Yeah, well, I mean, certainly by current standards, but even when they launched, their fees were high and they can charge what, like 1%, something like that for the privilege of investing your money. And when you're charging 1% of $677 billion, that's a lot of money, which is one of the reasons why David Booth can afford to have the University of Chicago Business School named after himself. And is one of the reasons why...

you know, friendly Ken and Jean are also extraordinarily wealthy. Yes, it's worked out well for them. As Jean always jokes, a lot of people have used my ideas to make money. And this is the only person who offered to pay me for it. That's a joke that I've seen a couple times when people ask him about this. And dimensional, I should say, like always is presented and presents itself as like extremely academic. We just go where the research goes. And like, we work really hard for this like kind of

truly almost like university level, academic level integrity towards the numbers and where the numbers tell us to go. And that's something that they have videos on their website where Ken is explaining exactly that. And I think they've been this kind of

enormous player in this space for a while and only started getting, I think, a couple, like there have been more competitors popping up in recent years. And values had a bit of a hard time in recent years, too, which has kind of created a complicated backdrop for this particular research article. Doesn't your heart just bleed for the $677 billion fund management behemoth?

Yeah. So dimensional does a couple of things. And one of the things it does is it basically goes up to baby boomers and says, you are going to fuck up. If you try to invest in a passive investment and just put it all in ETFs, you're just, you just don't have the testicular fortitude to do that. And so we are going to sit there and sit on your money and force you to do this value investment thing. And whenever you tell us to buy this or sell that, we will ignore you. And then you will thank us in the long term and, and for taking your call and,

talking you off the ledge we will charge you lots of money and for employing these great academics whose minds we we mine for you know their next big insight but yeah and then the other thing which

Like people kind of appreciate that. But on the other hand, they also aren't willing to pay that much for it. The thing they're paying for is also the thing that Dimensional says over and over again, which is effectively we will outperform the market. We will do better than your S&P 500 index fund because we have Farmer and French on our board and because we know these factors and we know how to invest in things that outperform. And so that's what we're going to do and we're going to outperform. And they have a whole bunch of

Their own data about their own funds having outperformed the market. And everyone goes, oh, well, that's great. If I give you my $10 million nest egg, then you'll make it even bigger than if I put it in the market. So I'll do that. And so this whole edifice is predicated on effectively, like if you strip away all of the verbiage, it is predicated on this idea that

especially value stocks outperform. Yeah. Yeah. I mean, there are so many ways to interpret the findings of the noisy factors paper and indeed all of the reporting that Justine and I did over the past year. There's the like uncharitable version that's very suspicious and like,

There's the extremely charitable version that there's nothing at all going on here and that data updates all the time. And why would you even think about this? I'm somewhere in between personally. Like, I don't I don't think that this is nothing. I think that there are technological changes and generational changes and like views towards transparency and like.
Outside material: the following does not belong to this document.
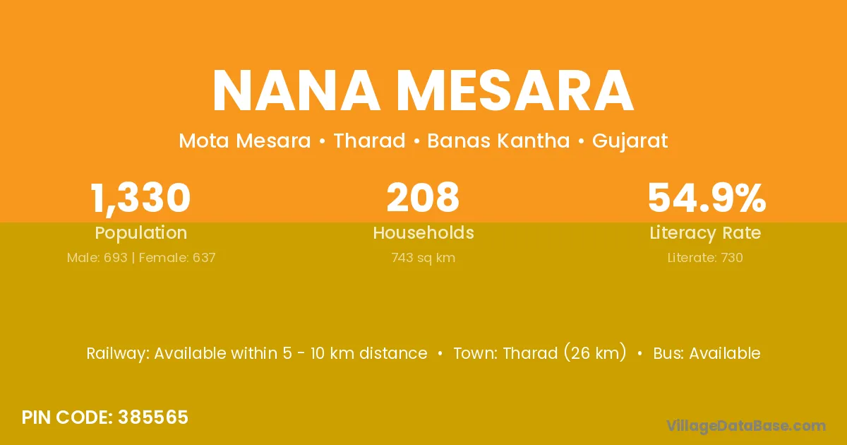 Tharad (26 km) is the nearest town to Nana Mesara village for major economic activities and is located approximately 26 km away.

whether or not you share your code, like all of that stuff is very relevant here where research practices have changed a ton. And like, just because they're not sharing their code, there's this implication that like, because Fama and French won't share their code and like, didn't respond to comments and didn't like respond to the paper for ages, that there was something definitely nefarious, like it left people to speculate. And I think that like,

I don't know. They're like godfathers of the industry. Like people throw rocks at their work all the time. So to some degree, you're kind of like, I wouldn't respond either. Like this looks annoying. This is like very obnoxious to have to manage. Like, you know, there's people talk about the publication bias that like, oh, you just want to make a splash with your paper. Why would they like dignify that with a response? But wait, that is a real thing. Like, let's be clear about that. Like,

I, too, I'm like you, I'm in the middle. And I, my views of pharma and French and indeed dimensional are not uncharitable. I totally believe that they believe that what they have done is found a way to outperform the market. And you link to a wonderful, wonderful paper by Drew Gelman about the garden of forking parts. And

Drew is one of these godfathers of empirical statistics. If you want to understand anything about empirical statistics, you phone up Andrew Gelman and he will explain everything to you very patiently. And he was the guy who really popularized this whole concept of p-hacking, which is basically where you do an experiment and you get a bunch of data. And then in that data, something interesting pops out. And you're like, I have found something interesting. And unless you...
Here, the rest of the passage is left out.